Evaluation data creation tutorial¶

Overview¶

For the evaluation of RAGs we need data, but in most cases we have little or no satisfactory data.

However, since the advent of LLM, creating synthetic data has become one of the good solutions to this problem.

The following guide covers how to use LLM to create data in a form that AutoRAG can use.

Data Creation

1. Parse¶

You can make different parsing results from the raw data using the parsing YAML file. The sample parsing YAML file looks like this.

modules:
  - module_type: langchain_parse
    parse_method: [pdfminer, pdfplumber]

With this YAML file, you can get the parsed data with pdfminer and pdfplumber.

You can execute this parsing YAML file by using the following code.

from autorag.parser import Parser

filepaths = "./data/*.pdf"
parser = Parser(filepaths, "./parse_project_dir")
parser.start_parsing("./parsing.yaml")

Then you can check out the parsing result in the ./parse_project_dir directory.

For more details about parsing, please refer here.

2. QA Creation¶

From the parsed results, you can select the best parsed data for AutoRAG. After you selected, you can create QA data for the AutoRAG.

The example is shown below, the initial_raw_df is selected raw data.

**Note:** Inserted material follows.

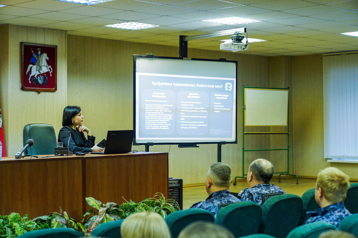 В Центре профессиональной подготовки сотрудников вневедомственной охраны имени Героя Советского Союза С.Х. Зайцева Главного управления Росгвардии по городу Москве телеведущая и журналист Ирина Россиус выступила перед росгвардейцами с актуальной темой «Современная информационная война и фейк ньюс». Ирина Россиус сказала, что современные цифровые технологии значительно облегчили сбор, обработку и передачу огромных объемов информации из разных источников. Но зачастую новые технологии находят применение при создании фейковых новостей - заведомо ложных «новостных» сюжетов, намеренно распространяемых через средства массовой информации с целью дезинформации граждан, оказания влияния на политические и экономические процессы, для ведения информационных войн. Телеведущая отметила, что против России ведется война с широким фронтом. И помимо прямого столкновения, существует экономическое, информационное и цифрологическое противостояние. Главной целью является дестабилизация ситуации среди населени

from llama_index.llms.openai import OpenAI

from autorag.data.beta.filter.dontknow import dontknow_filter_rule_based
from autorag.data.beta.generation_gt.llama_index_gen_gt import (
	make_basic_gen_gt,
	make_concise_gen_gt,
)
from autorag.data.beta.query.llama_gen_query import factoid_query_gen
from autorag.data.beta.sample import random_single_hop
from autorag.data.beta.schema import Raw

initial_raw = Raw(initial_raw_df)
initial_corpus = initial_raw.chunk(
    "llama_index_chunk", chunk_method="token", chunk_size=128, chunk_overlap=5
)
llm = OpenAI()
initial_qa = (
    initial_corpus.sample(random_single_hop, n=3)
    .map(
        lambda df: df.reset_index(drop=True),
    )
    .make_retrieval_gt_contents()
    .batch_apply(
        factoid_query_gen,
        llm=llm,
    )
    .batch_apply(
        make_basic_gen_gt,
        llm=llm,
    )
    .batch_apply(
        make_concise_gen_gt,
        llm=llm,
    )
    .filter(
        dontknow_filter_rule_based,
        lang="en",
    )
)
initial_qa.to_parquet("./initial_qa.parquet", "./initial_corpus.parquet")

We recommend you find the optimal pipeline first from this initial data. Check out here to see the optimization tutorial.

3. Chunking Optimization¶

After finding the initial optimal pipeline, this time you are to optimize the chunking method. First, you can create various chunking results from the parsed data.

The chunking YAML file looks like this.

modules:
  - module_type: llama_index_chunk
    chunk_method: [ Token, Sentence ]
    chunk_size: [ 1024, 512 ]
    chunk_overlap: 24
    add_file_name: english
  - module_type: llama_index_chunk
    chunk_method: [ SentenceWindow ]
    sentence_splitter: kiwi
    window_size: 3
    add_file_name: english

With this YAML file, you can get the chunked data with Token, Sentence, and SentenceWindow with different chunk sizes.

You can execute this chunking YAML file by using the following code.

from autorag.chunker import Chunker

chunker = Chunker.from_parquet("./initial_raw.parquet", "./chunk_project_dir")
chunker.start_chunking("./chunking.yaml")

Then you can check out the chunking result in the ./chunk_project_dir directory.

For more details about chunking, please refer here.

4. QA - Corpus mapping¶

For the chunking optimization, you can evaluate RAG performance with different corpus data. You already have the optimal pipeline from the initial QA data, so you can use this pipeline to evaluate the RAG performance with different corpus data.

Before that, you must update all qa data with the new corpus data. It uses update_corpus method.

It is highly recommending you to keep the initial QA instance. If not, you need to build QA instance again from the initial raw (parsed) data and corpus data.

from autorag.data.beta.schema import Raw, Corpus, QA

raw = Raw(initial_raw_df)
corpus = Corpus(initial_corpus_df, raw)
qa = QA(initial_qa_df, corpus)

new_qa = qa.update_corpus(Corpus(new_corpus_df, raw))

Now new_qa have new retrieval_gt data for the new corpus.

Now with the new corpus data and new qa datas, you can evaluate the RAG performance with different corpus data.